Large syphilitic thoracic aortic aneurysms may cause symptoms via mass effect on neighboring mediastinal structures, including the trachea, esophagus and pulmonary artery,^13–15 as in our patient. Additional reported complications include compression of the superior vena cava, ¹⁶ erosion into the chest wall ¹⁷ and thoracic spinal bodies, ¹⁸ erosion into the airways ¹⁹ and esophagus, ²⁰ and fistulization to the pulmonary artery. ²¹ As with aneurysms of other etiologies, patients with syphilitic aortitis are at risk for dissection and rupture.
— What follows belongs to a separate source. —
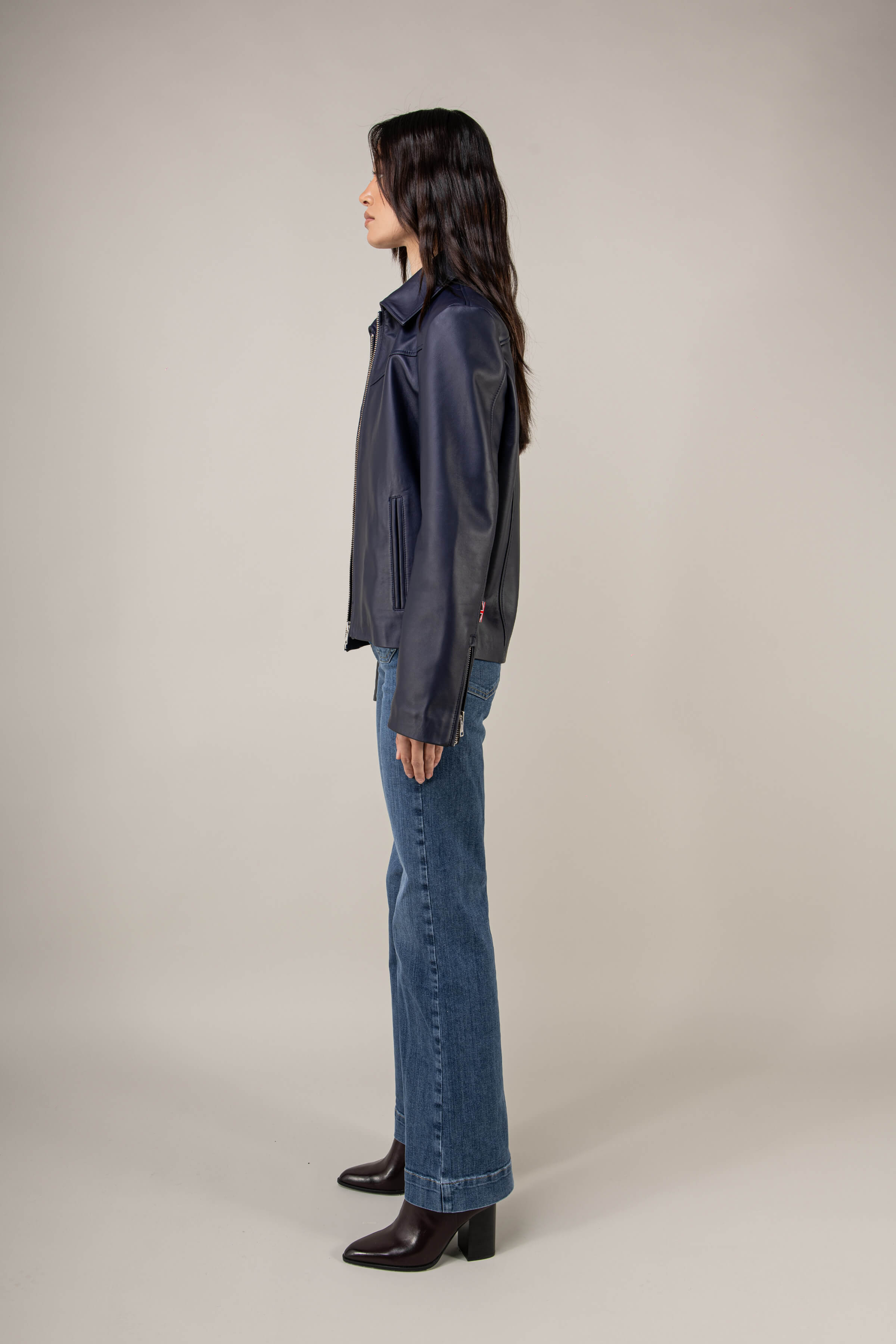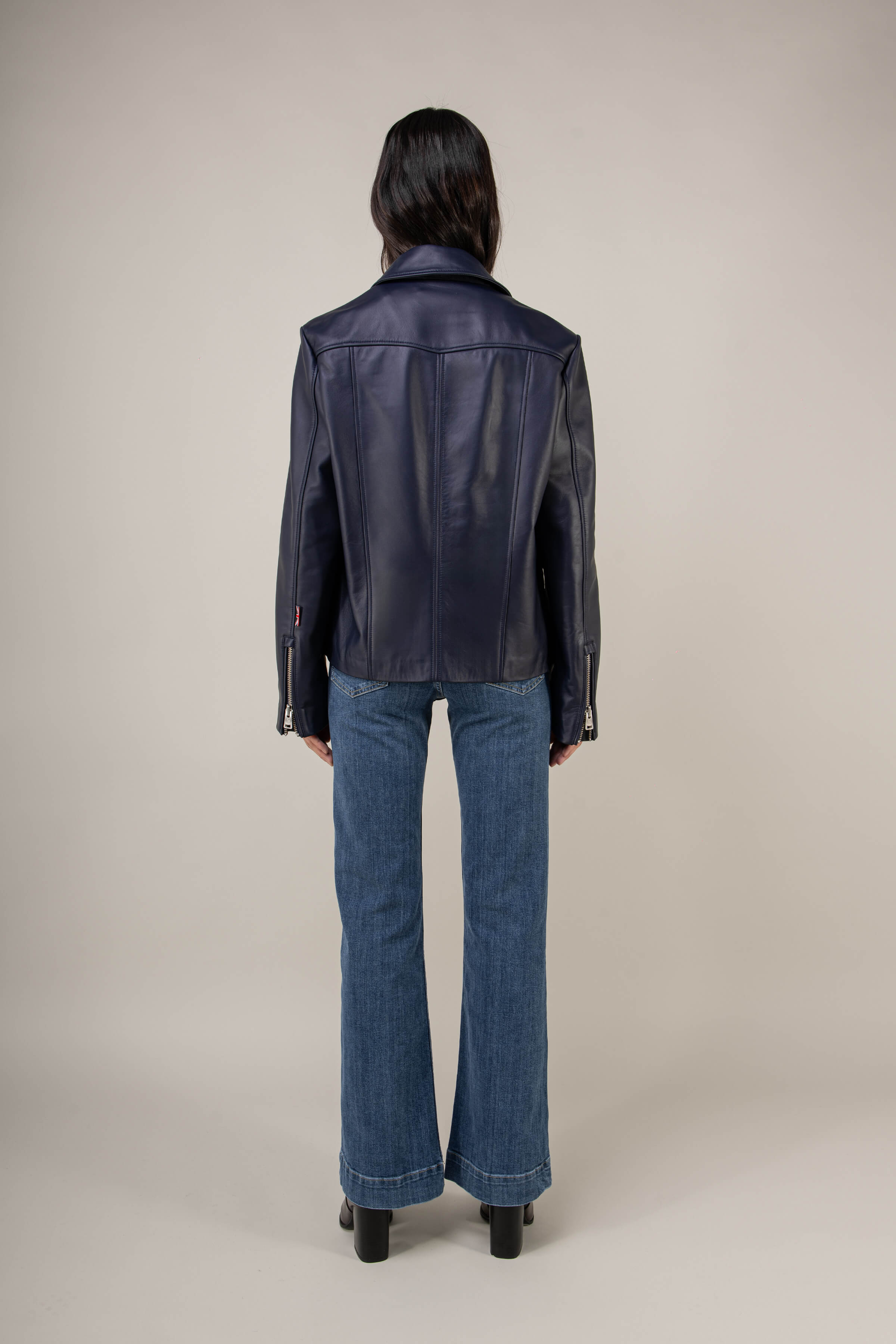 Cut to flatter the natural length of the body, this navy leather jacket enhances the silhouette while allowing unrestricted movement. Whether layered over a crisp white shirt or paired with denim and boots, it transitions effortlessly from day to evening.

Thoracic aortic aneurysms grow at a rate upwards of 0.10 cm per year, with risk of complications, including dissection and rupture, increasing sharply as the aneurysm diameter surpasses 6.0 cm. ²² Consensus guidelines advise surgical evaluation for all patients with symptoms suggestive of thoracic aortic aneurysm expansion, regardless of size, as well as asymptomatic individuals with an ascending aortic or aortic sinus diameter of 5.5 cm or greater. ³ Our patient’s case illustrates how, for individuals with giant thoracic aortic aneurysms, management may obligate a choice between Scylla and Charybdis: high-risk surgery or the inevitable progression of disease. A multidisciplinary approach is paramount, and a patient’s personal values must be carefully assessed.

Conclusion

This case demonstrates the potential of large thoracic aneurysms to cause pulmonary hypertension and right heart failure, and how, in advanced stages, massive aneurysms may obligate difficult management decisions for physicians and patients. Ascertaining the etiology of aneurysmal disease is important. Syphilis, though far less common today, continues to be a relevant source of aneurysmal disease, and may indeed grow in prevalence in decades to come.